I have a dataset with information about an infrequent event (e.g. a crime in one part of the city). The dataset looks like this. Note how the features are not item-specific but timestamp specific (as in the 2020-03-12 17:00 timestamp) as they represent the state of the city at that timestamp: weather, hour of the day, visibility, etc…
Timestamp StreetID Feature1 Feature2, Feature3,... FeatureN 2020-03-12 17:00 12 4 C 5 100 2020-03-12 17:00 145 4 C 5 100 2020-03-08 19:00 145 8 D 6 98 ... 2020-03-06 18:15 76 6 C 8 110
I want to train a machine learning model that predicts if this rare event is going to happen or not in a given street or set of streets. I have two options here:
- Train a multiclass classification model where you will get a probability for each of the streets. The problem is that there are thousands of streets and some of them have few positive cases
- Train one binary classification model for each street. Also impractical for the reasons mentioned above
- Group several streets and train a binary classification model for each of these groups.

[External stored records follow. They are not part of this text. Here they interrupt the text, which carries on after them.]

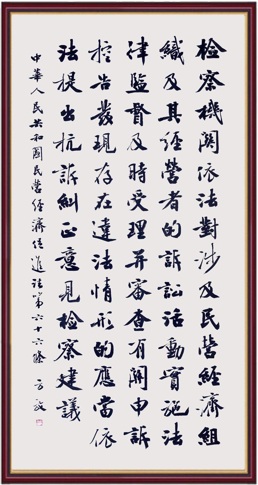 《中華人民共和國民營經(jīng)濟(jì)促進(jìn)法》自今年5月20日起施行。作為我國首部專門關(guān)于民營經(jīng)濟(jì)發(fā)展的基礎(chǔ)性法律,民營經(jīng)濟(jì)促進(jìn)法將支持和保障民營經(jīng)濟(jì)發(fā)展的法律制度融入中國特色社會(huì)主義法律體系,具有重大的法治意義,為促進(jìn)民營經(jīng)濟(jì)持續(xù)、健康、高質(zhì)量發(fā)展提供了堅(jiān)實(shí)的法治保障。為更好地學(xué)習(xí)、宣傳、貫徹這部法律,法治日?qǐng)?bào)社聯(lián)合司法部普法與依法治理局,開展“‘書·法’系列活動(dòng)之書寫《中華人民共和國民營經(jīng)濟(jì)促進(jìn)法》”活動(dòng)。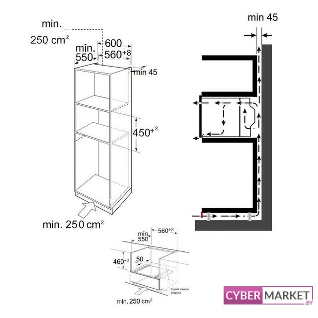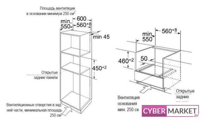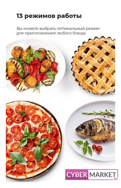 | Режимы работы | вентиляционный нагрев, гриль + конвекция, нижний + вентиляционный нагрев, размораживание |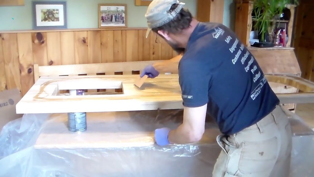 I poured the mixed epoxy on the top of the butcher block countertop and used a plastic spreader to scrape the epoxy evenly around the surface. I found the edges tricky because the epoxy kept succumbing to gravity and dripping onto the table. It wasn’t terrible, I had a sheet of poly to protect the table, but I wanted that epoxy to stay on the countertop!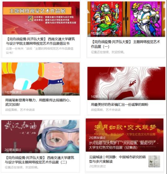 We took active part in social practice. Valuing both the importance of cultural environment and practice, we carried out serial cultural social services, many community-based, so as to promote the fine culture of SWJTU and boost the confidence to discipline development. This summer vocation, the social practice program “The design and promotion of psychological counseling for junior high school students under normalized epidemic prevention and control”was listed as one of the “SWJTU Excellent Social Practice Programs”. Through serving the pubic and carrying forward culture, our students deepened their understanding of art and culture.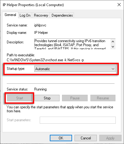 If your IP Helper won’t start due to issues with dependent services, try the following:

My question is related to the third option. How can we build these groups?. I assume that it would help to group together streets that share a feature distribution that explains if this unfrequent event is happening or not. Could I make that by clustering the dataset shown above (ignoring the StreetID feature obviously) and checking if inside those clusters there is a high concentration of one or more StreetID’s?. Then I can train a binary model with a dataset for the StreetID’s of one cluster containing the positive cases/timestamps where the event happened together with the negative cases/timestamps where the event didn’t happen like in the example below (assuming we have 15 minutes timestamps and Streets 145 and 76 belong to the same cluster i.e have a high concentration of events inside one cluster). Hypothetically this would make more sense than just grouping streets by some other criteria.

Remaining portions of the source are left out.